- YOUR OBJECTIVE -
Print exactly the lines from the one containing "et lin chinée" through the last line of the records below, both included, and nothing else; omit any pictures.
BEGIN
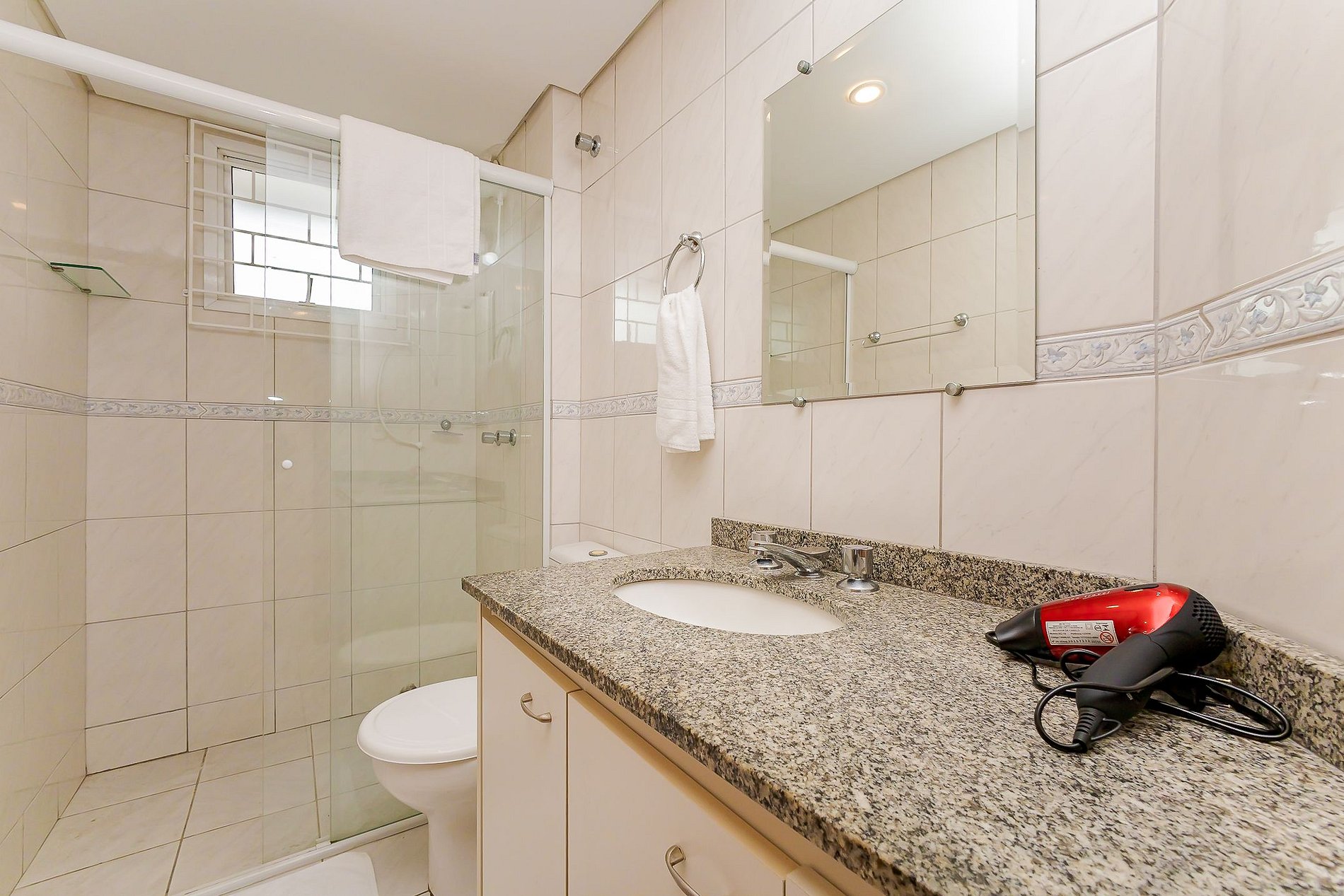 • Chuveiro com água quente, secador de cabelo e toalhas de corpo e rosto para todos os hóspedes.
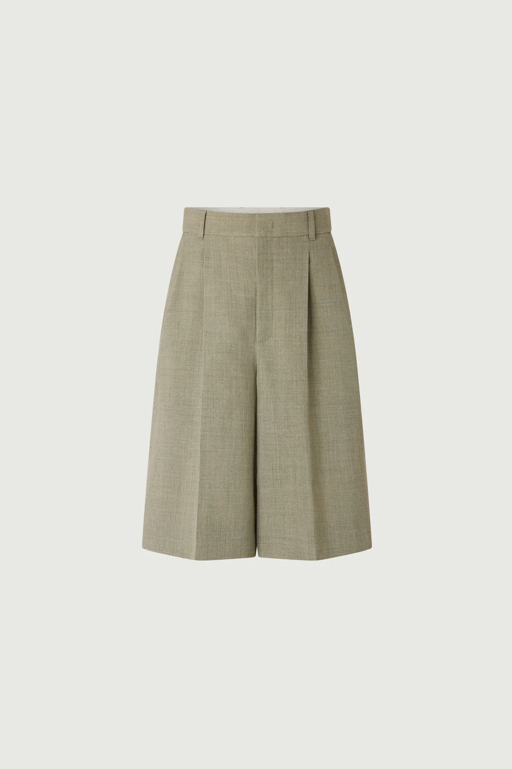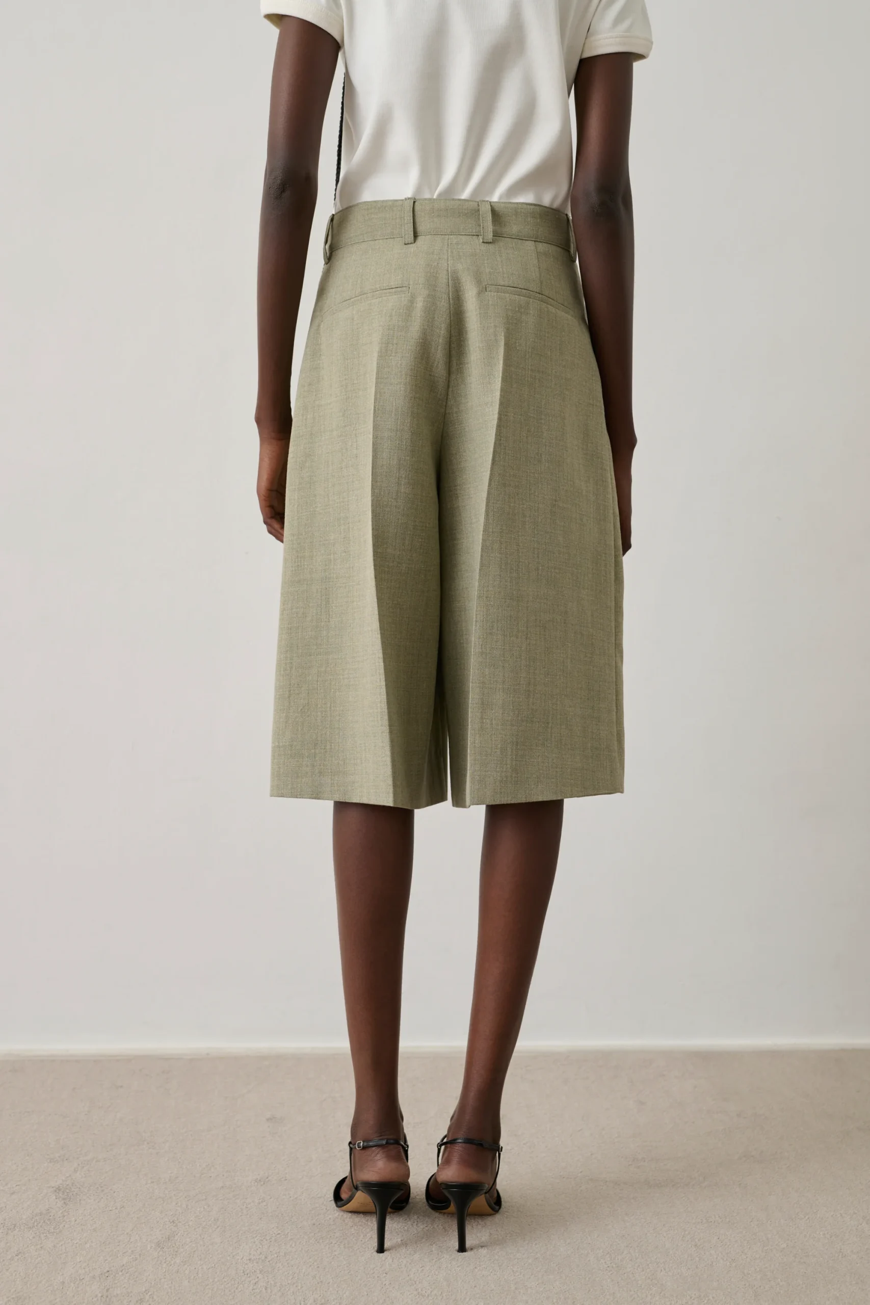 – Jambes larges – Longueur genoux – Ouverture avec crochet intérieur, bouton de renfort et zip – Deux poches italiennes devant – Plis marqués le long de la jambe devant et dos – Toile de polyester et lin chinée
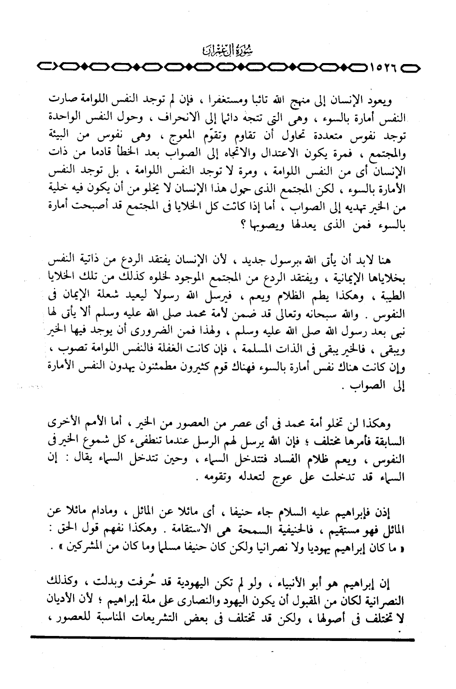 هنا لابد أن يأتي الله برسول جديد، لأن الإنسان يفتقد الردع من ذاتية النفس بخلاياها الإيمانية، ويفتقد الردع من المجتمع الموجود لخلوه كذلك من تلك الخلايا الطيبة، وهكذا يطم الظلام ويعم، فيرسل الله رسولا ليعيد شعلة الإيمان في النفوس. والله سبحانه وتعالى قد ضمن لأمة محمد صَلَّى اللَّهُ عَلَيْهِ وَسَلَّم َ ألا يأتي لها نبي بعد رسول الله صَلَّى اللَّهُ عَلَيْهِ وَسَلَّم َ، ولهذا فمن الضروري أن يوجد فيها الخير ويبقى، فالخير يبقى في الذات المسلمة، فإذا كانت الغفلة فالنفس اللوامة تصوب، وإن كانت هناك نفس أمارة بالسوء فهناك قوم كثيرون مطمئنون يهدون النفس الأمارة إلى الصواب.
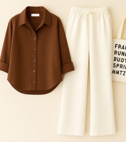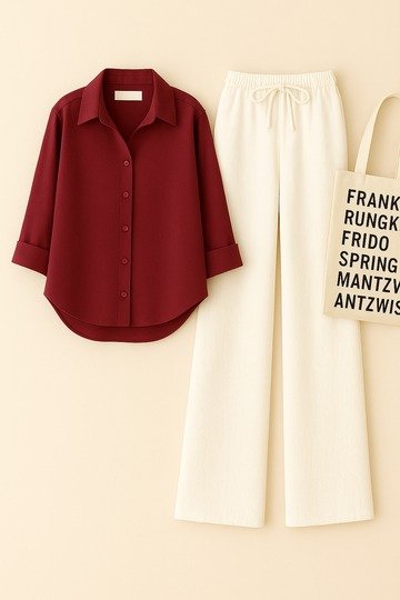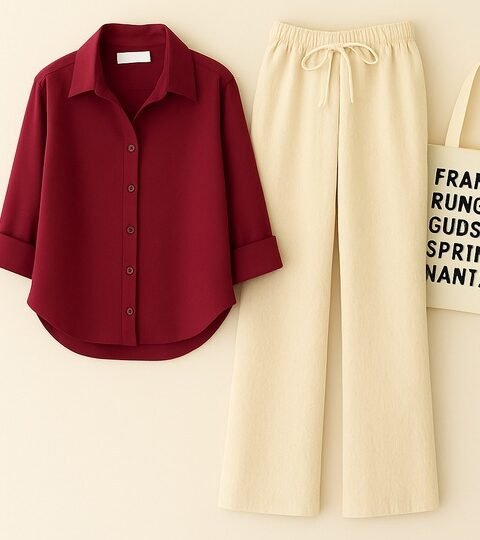 Zayra Luxe Co-Ord Set – Maroon & Beige
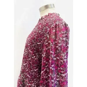 DRAPER JAMES Women Long Sleeve Partially Lined Shirred Red Floral Dress
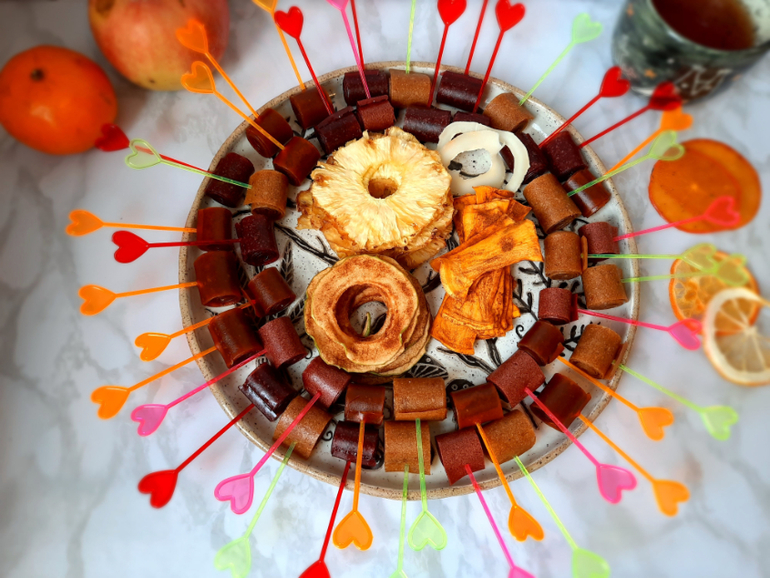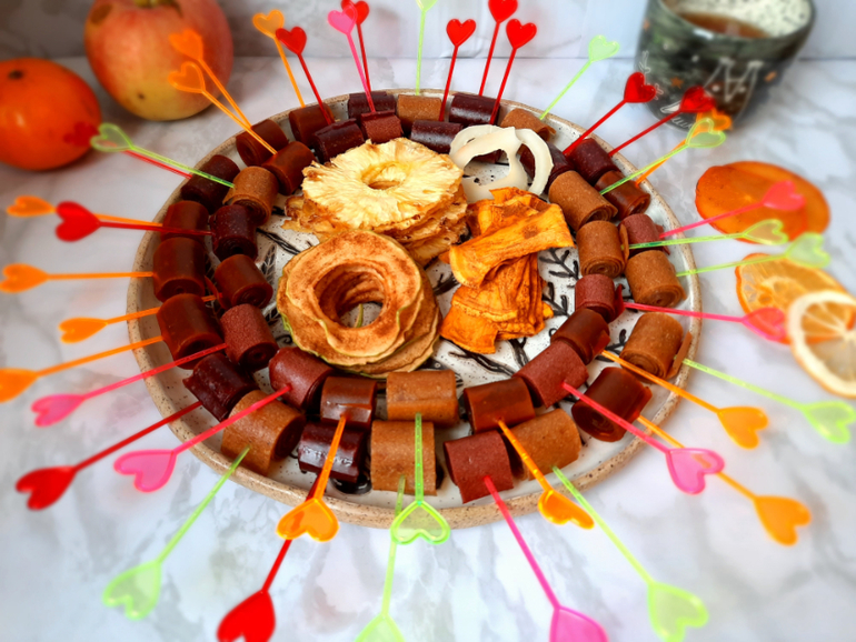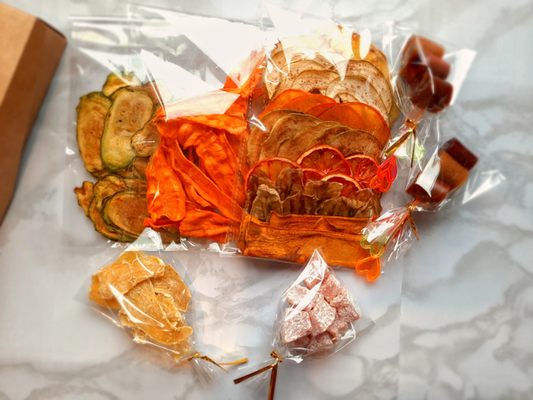 2) чипсы сладкие. Груша с мускатным орехом, Яблоко с корицей и мёдом, ананас, банан с ванилью, хурма, кокос, красный апельсин, тыква с мёдом и корицей.
END
- FINAL ANSWER -
 – Jambes larges – Longueur genoux – Ouverture avec crochet intérieur, bouton de renfort et zip – Deux poches italiennes devant – Plis marqués le long de la jambe devant et dos – Toile de polyester et lin chinée
 هنا لابد أن يأتي الله برسول جديد، لأن الإنسان يفتقد الردع من ذاتية النفس بخلاياها الإيمانية، ويفتقد الردع من المجتمع الموجود لخلوه كذلك من تلك الخلايا الطيبة، وهكذا يطم الظلام ويعم، فيرسل الله رسولا ليعيد شعلة الإيمان في النفوس. والله سبحانه وتعالى قد ضمن لأمة محمد صَلَّى اللَّهُ عَلَيْهِ وَسَلَّم َ ألا يأتي لها نبي بعد رسول الله صَلَّى اللَّهُ عَلَيْهِ وَسَلَّم َ، ولهذا فمن الضروري أن يوجد فيها الخير ويبقى، فالخير يبقى في الذات المسلمة، فإذا كانت الغفلة فالنفس اللوامة تصوب، وإن كانت هناك نفس أمارة بالسوء فهناك قوم كثيرون مطمئنون يهدون النفس الأمارة إلى الصواب.
 Zayra Luxe Co-Ord Set – Maroon & Beige
 DRAPER JAMES Women Long Sleeve Partially Lined Shirred Red Floral Dress
 2) чипсы сладкие. Груша с мускатным орехом, Яблоко с корицей и мёдом, ананас, банан с ванилью, хурма, кокос, красный апельсин, тыква с мёдом и корицей.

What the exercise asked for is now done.